The study of high-aspect-ratio Si pillars to replace carbon-based materials as electrocatalyst supports was first investigated. In particular, a novel lithography-free process to produce Si microcolumns of high surface area was developed. The dimension of Si pillars can be controlled by altering operating conditions of forming the polysilicon masking layer and the etching duration in an inductively coupled plasma-deep reactive ion etching (ICP-DRIE) reactor. Following the study of Si supports, electrochemical approaches to synthesize nanoscale Pt and PtRu catalyst particles supported on Si microelectrodes with controlled morphology and atomic composition were investigated. It was revealed that round-shaped Pt particles prepared at a low deposition overpotential exhibit a higher catalytic activity in comparison with the dendrite-like catalysts prepared at a high deposition overpotential. It was also noted that the electrodeposited PtRu electrode containing a Ru content of 24 atom % using the metallic precursor of 1:2 molar ratio of Pt to Ru demonstrates the highest electrochemical activity and cell polarization characteristics.

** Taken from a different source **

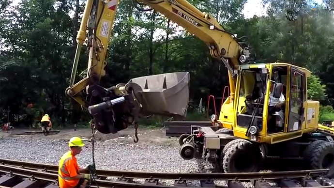 【热门】原来铁路还可以这么修建,一台挖掘机和几个工人就搞定!

Additionally, the surface of uncatalyzed Si microelectrode can be coated with a thin layer of conductive polypyrrole (PPy)/Nafion^® film using electropolymerization method to improve the incorporation of electrocatalysts and enhance electrochemical active surface area of the catalyzed micro electrode. It was found that the optimized film of porous nature offers high electron and proton conductivity and is an attractive catalysts support. The investigation concludes that the strategy for the synthesis of non-carbon based supporting materials as well as nanoscale electrocatalysts by use of microfabrication-compatible methods has been successfully developed, and the realization of such catalyzed microelectrodes is a promising step toward the monolithic integration of a Si-based microfabricated fuel cell.